→ **Problem requirements**
Only the lines below starting at the one containing "Dejligt stort feriehus" and ending at the one containing "ujar AKBP Arief." belong in the answer, each copied exactly.

→ **Data**
= = = =
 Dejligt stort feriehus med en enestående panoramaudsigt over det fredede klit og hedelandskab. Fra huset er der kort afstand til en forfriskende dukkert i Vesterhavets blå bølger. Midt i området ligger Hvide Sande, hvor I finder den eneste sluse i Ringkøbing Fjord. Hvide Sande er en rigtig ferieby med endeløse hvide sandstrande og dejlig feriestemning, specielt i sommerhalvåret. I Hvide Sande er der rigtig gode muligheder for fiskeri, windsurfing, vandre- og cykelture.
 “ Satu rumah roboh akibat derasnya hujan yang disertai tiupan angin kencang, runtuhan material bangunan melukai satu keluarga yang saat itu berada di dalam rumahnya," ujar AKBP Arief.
= = = =
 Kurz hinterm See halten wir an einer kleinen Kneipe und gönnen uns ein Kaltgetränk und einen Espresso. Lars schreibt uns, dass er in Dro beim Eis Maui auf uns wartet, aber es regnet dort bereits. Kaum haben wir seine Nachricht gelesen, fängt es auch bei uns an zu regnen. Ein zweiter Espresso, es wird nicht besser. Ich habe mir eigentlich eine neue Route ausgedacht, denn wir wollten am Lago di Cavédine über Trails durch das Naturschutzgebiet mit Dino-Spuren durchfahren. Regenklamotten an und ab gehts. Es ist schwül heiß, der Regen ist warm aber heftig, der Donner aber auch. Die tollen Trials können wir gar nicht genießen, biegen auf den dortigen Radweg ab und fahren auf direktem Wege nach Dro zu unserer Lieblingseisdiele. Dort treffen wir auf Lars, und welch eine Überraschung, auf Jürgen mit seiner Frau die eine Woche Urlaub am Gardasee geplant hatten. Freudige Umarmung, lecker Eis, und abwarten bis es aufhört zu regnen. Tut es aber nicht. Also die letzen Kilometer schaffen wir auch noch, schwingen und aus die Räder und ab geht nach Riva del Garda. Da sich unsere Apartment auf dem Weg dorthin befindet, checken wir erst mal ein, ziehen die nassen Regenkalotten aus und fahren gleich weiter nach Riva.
= = = =
→ **Exercise response**
 Dejligt stort feriehus med en enestående panoramaudsigt over det fredede klit og hedelandskab. Fra huset er der kort afstand til en forfriskende dukkert i Vesterhavets blå bølger. Midt i området ligger Hvide Sande, hvor I finder den eneste sluse i Ringkøbing Fjord. Hvide Sande er en rigtig ferieby med endeløse hvide sandstrande og dejlig feriestemning, specielt i sommerhalvåret. I Hvide Sande er der rigtig gode muligheder for fiskeri, windsurfing, vandre- og cykelture.
 “ Satu rumah roboh akibat derasnya hujan yang disertai tiupan angin kencang, runtuhan material bangunan melukai satu keluarga yang saat itu berada di dalam rumahnya," ujar AKBP Arief.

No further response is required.